Bij het beheer van andere grotere overheidsprojecten kan geleerd worden van de ervaringen met DBFMO (Design, Build, Finance, Maintain, Operate) en met name de risicoverdeling en – beheersing hiervan. De DBFMO-praktijk bij infrastructurele en huisvestingsprojecten laat zien dat de overheid inkoopt met een goede prijs-kwaliteitverhouding. Er is over het algemeen sprake van kostenverlaging en uitvoering binnen budget en tijd.

Ook de nieuwe Marktvisie voor de bouwsector waartoe Rijkswaterstaat het initiatief heeft genomen, sluit hier goed bij aan. Deze visie, die samen met een brede vertegenwoordiging van de bouwsector is ontwikkeld en op 13 januari jl. is gepresenteerd, heeft tot doel de bouwsector beter te maken. De ambitie is om als «bouwers van Nederland» te excelleren door betrouwbaar, aanspreekbaar en inspirerend te zijn en we werken voor burgers en bedrijven samen aan een veilig, leefbaar en bereikbaar Nederland.

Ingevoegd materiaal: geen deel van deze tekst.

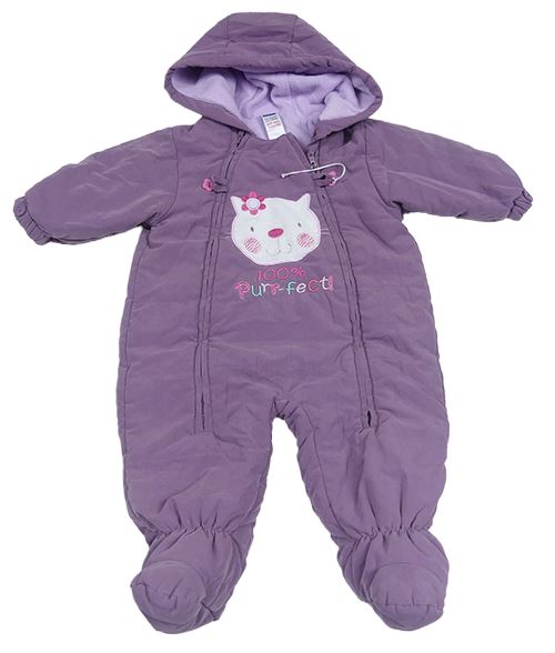 Fialová šusťáková zimní kombinéza s kočičkou a kapucí M&Co.
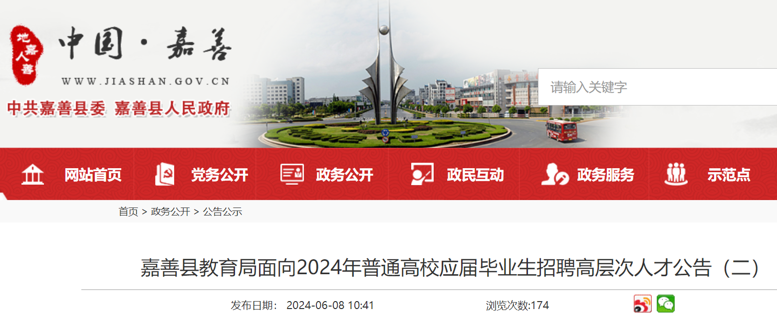 2024年浙江嘉興嘉善縣教育局面向普通高校應(yīng)屆畢業(yè)生招聘高層次人才教師公告(二)已發(fā)布,報(bào)名時(shí)間:2024年6月20日上午8:30~11:00。現(xiàn)將招聘公告原文發(fā)布如下: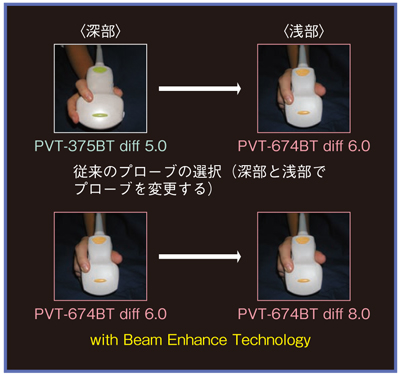 将来的にはBeam Enhance Technologyの適応によって,より高い周波数のプローブを選択することが可能になり,病変の深さによって使用するプローブを変えることなく検査が可能になることが期待される(図12)。

Door de samenwerking in de keten te verbeteren kunnen de inherente risico’s die de uitvoering van grote, complexe projecten nu eenmaal met zich meebrengen, beter worden beheerst. Een goede dialoog tussen partijen, zoals die bijvoorbeeld momenteel in de spoorsector in het kader van het programma ERTMS wordt gevoerd, is daarbij van groot belang. Leidende principes bij verdere implementatie van de marktvisie zijn onder meer dat de risico’s tussen opdrachtgever en opdrachtnemer beter worden verdeeld, er open en transparant tussen partijen wordt gecommuniceerd en er geen opportunistisch gedrag wordt vertoond.

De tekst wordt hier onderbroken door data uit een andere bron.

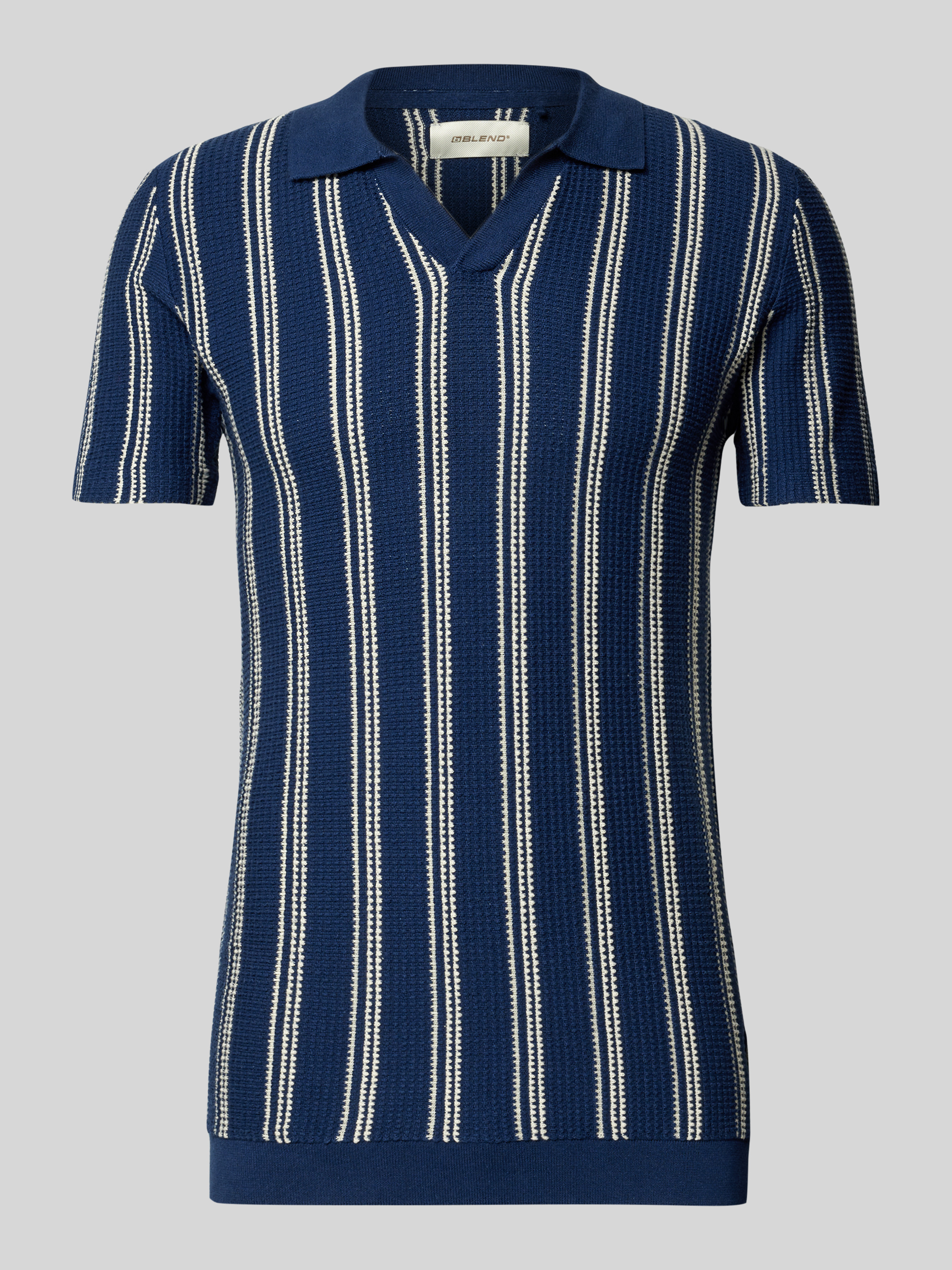 Slim fit poloshirt met ribboorden, model 'BHAMOS' in marineblauw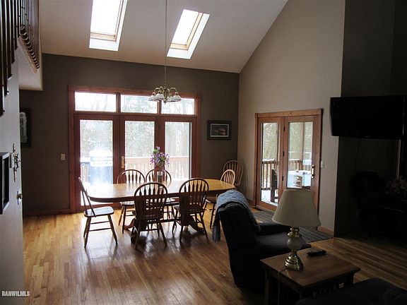 Three bedroom three bath contemporary retreat nestled on .81 wooded acres. Upper level features master bath with large bathroom and whirlpool tub. Main level has kitchen, dining room combination with access to the deck and screened porch. Spacious living area with wood burning fireplace. Lower level has walk out to a hot tub for enjoyment year round, plus a second wood burning fireplace. Tucked away with privacy and currently licensed for rental. Offered for sale furnished with some exclusions.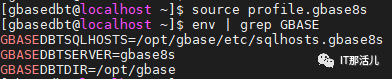 su – gbasedbtvi profile.gbase8sexport GBASEDBTSERVER=gbase8sexport GBASEDBTDIR=/opt/gbaseexport GBASEDBTSQLHOSTS=/opt/gbase/etc/sqlhosts.gbase8sexport ONCONFIG=onconfig.gbase8sexport PATH=/opt/gbase/bin:$PATHexport DB_LOCALE=zh_CN.utf8export CLIENT_LOCALE=zh_CN.utf8unset GL_USEGLUexport PATH=$GBASEDBTDIR/bin:$GBASEDBTDIR/sbin:$PATH[gbasedbt@localhost ~]$ source profile.gbase8s

De gezamenlijke aanpak kenmerkt zich door zo veel mogelijk gebruik te maken van kort cyclische pilots en acties, om ervaringen te delen en van elkaar te leren. Het is daarnaast aan de individuele organisaties om concrete acties uit te zetten om de marktvisie in de eigen organisatie, en in relatie tot de eigen partners, invulling te geven. Zo blijft het ook de eigen verantwoordelijkheid van ondernemers om zich bij hun inschrijving bewust te zijn van de kosten en risico’s van hun offerte.

Tot slot

Het kabinet is de enquêtecommissie erkentelijk voor de analyse, conclusies en aanbevelingen in haar rapportage. Het kabinet ziet er naar uit om samen met uw Kamer verder te werken aan een stabiele spoorsector waar de belangen van de reiziger voorop staan, met een veilig, betrouwbaar en aantrekkelijk vervoersaanbod op het Nederlandse spoor.

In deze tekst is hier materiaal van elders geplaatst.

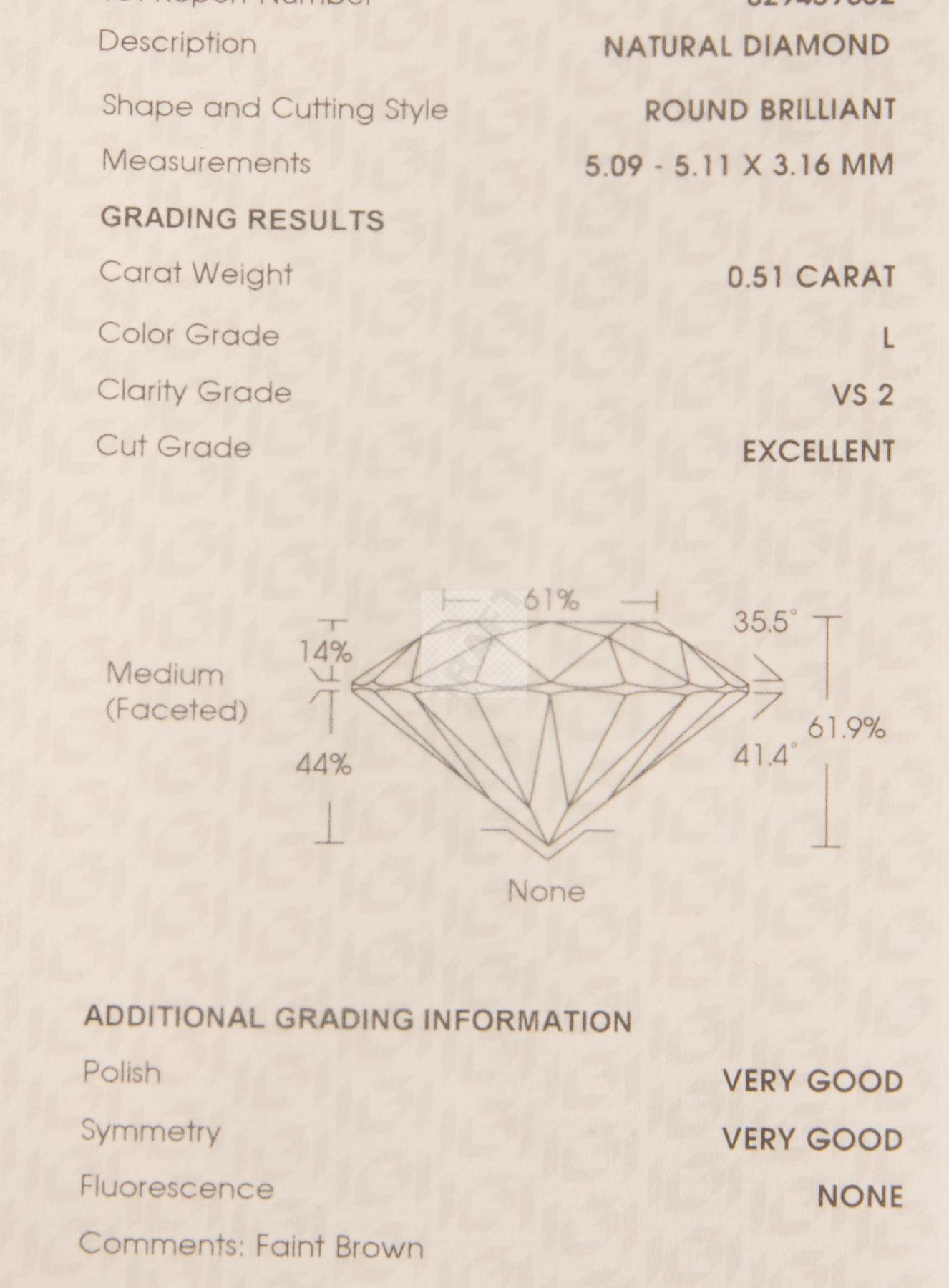 214 Diamant sous scellé d’un poids de 0,51 ct L VS2, avec son rapport d’analyse du IGI.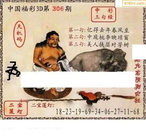 25306期福彩3D正版天宇和值谜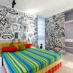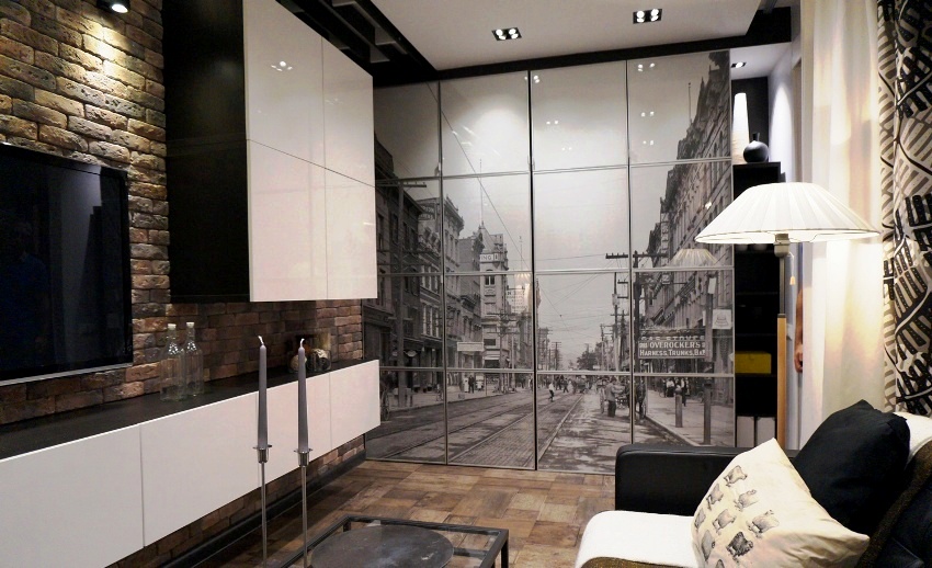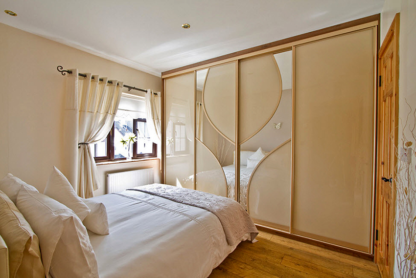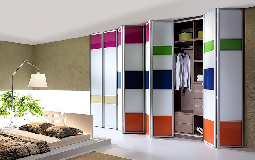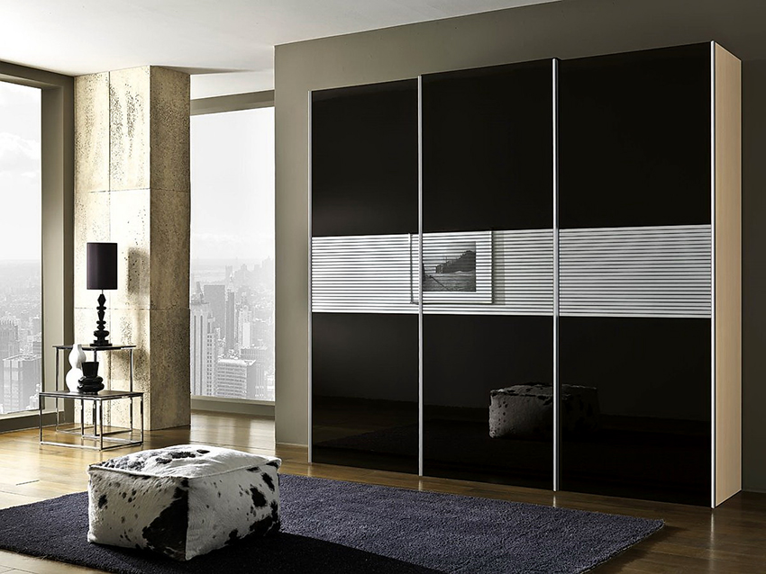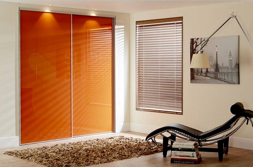 Currently, many manufacturers apply a colorful image to the glass, which is clearly displayed in the photo of the coupe doors. In this case, the facade can be glossy or matte.For small spaces, it is recommended to choose panoramic images; for a bedroom, you can use a family photo.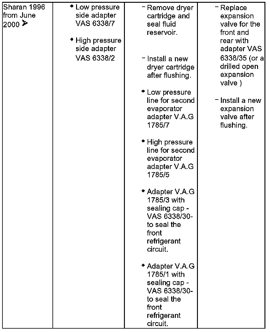 - On vehicles with second evaporator (Sharan), the front and rear refrigerant circuits must be flushed individually. Seal the front refrigerant circuit using adapter V.A.G 1785/1, adapter 1785/3 and sealing caps VAS 6338/30.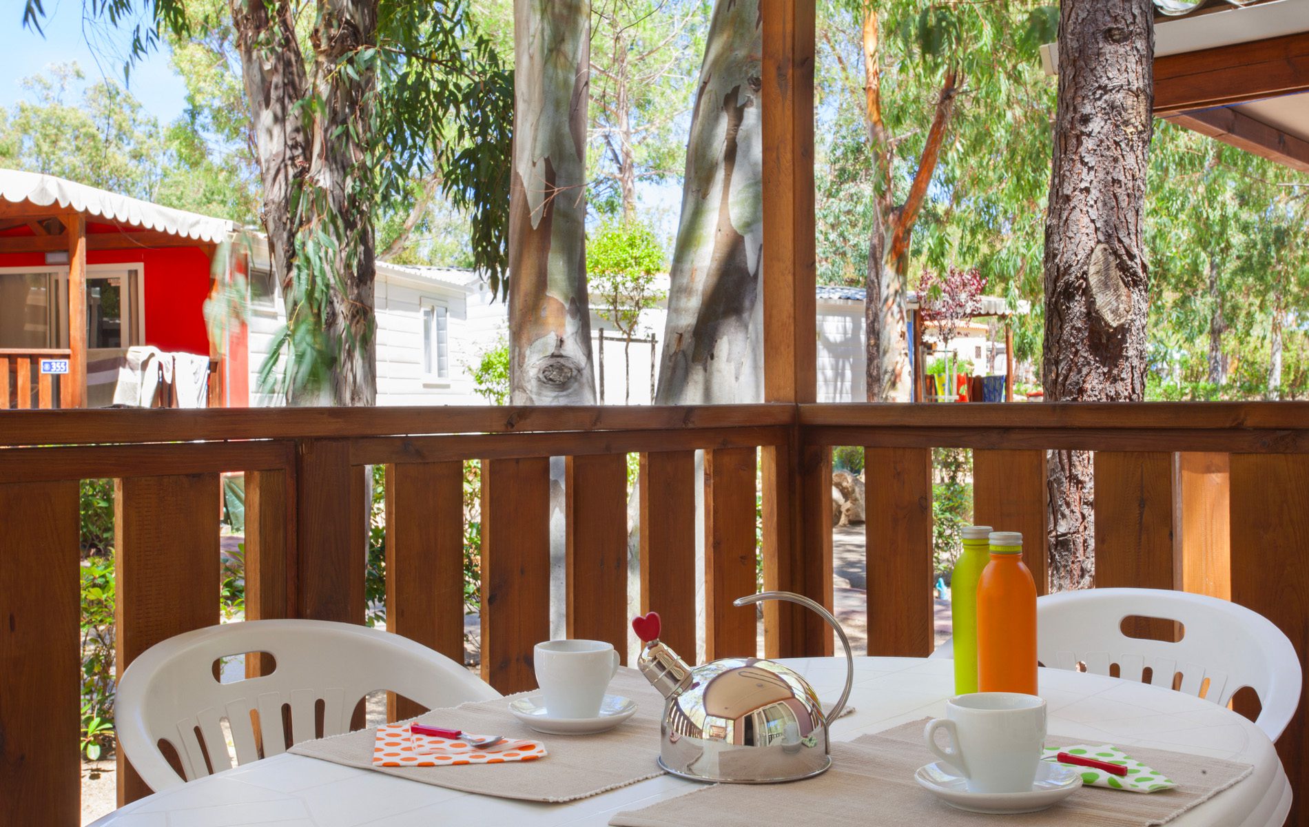 Es hat eine Fläche von ca. 25,5 m² und kann maximal 4 Personen beherbergen. Sie besteht aus einem Wohnzimmer mit Tisch und Stühlen, einer Küchenzeile mit einem Kühlschrank mit Gefrierfach, einem 4-Flammen-Kochfeld, einer Spüle, Töpfen und Pfannen sowie Geschirr. Der Schlafbereich besteht aus 2 Zimmern, eines mit einem Doppelbett und eines mit 2 Einzelbetten. Einige Einheiten haben 5 Betten. Die Unterkunft ist mit 1 kompletten Badezimmer mit WC, Dusche und Waschbecken und 1 Badezimmer mit WC und Waschbecken ausgestattet. Auf der überdachten Holzveranda, die mit einem Tisch und Stühlen ausgestattet ist, können Sie das Leben im Freien genießen, wie es für einen Urlaub in der Natur typisch ist.

De Staatssecretaris van Infrastructuur en Milieu, S.A.M. Dijksma


X Noot
10

Bijlage: brief NS (kenmerk: RvB/JM/2016/076) Verbeterplan IC direct, raadpleegbaar via www.tweedekamer.nl

X Noot
11

ProRail is de beheerder van de hoofdspoorweginfrastructuur, waar de HSL-Zuid onderdeel vanuit maakt. Het dagelijks beheer van de HSL-Zuid – inclusief onderhoud en storingsherstel – is in handen van Infraspeed BV.

X Noot
13

In scenario 2 en 3 wordt gevarieerd met de omvang van het hoofdrailnet waarbij de HSL-Zuid al dan niet onderdeel van het hoofdrailnet uitmaakt

X Noot
14

Bijvoorbeeld splitsing op het niveau van producten, corridors of regio’s. Zie onderzoek Quick scan impactanalyse van het Vierde Spoorwegpakket, Rebel (2013). Zie Kamerstuk 33 546, nr. 12, bijlage

X Noot
15

Bijlage: PWC, Analyse beleid- en toezichtrelaties binnen I&M op Beheer, Onderhoud en Vervanging ProRail, raadpleegbaar via www.tweedekamer.nl

X Noot
16

Zie ook Voortgangsrapportage Hogesnelheidslijn Zuid nr. 36 d.d. 1 april 2014 (Kamerstuk 22 026, nr. 477)

X Noot
17

Stuurgroep+ bestaat uit directeuren van het Ministerie van Infrastructuur en Milieu, NS, ProRail, Infraspeed en ILT onder voorzitterschap van het Ministerie van Infrastructuur en Milieu

X Noot
18

Wanneer het alternatief extra infrastructurele capaciteit vraagt, dient er bij de besluitvorming hierover rekening gehouden te worden met de geldende termijnen in het reguliere dienstregelingproces.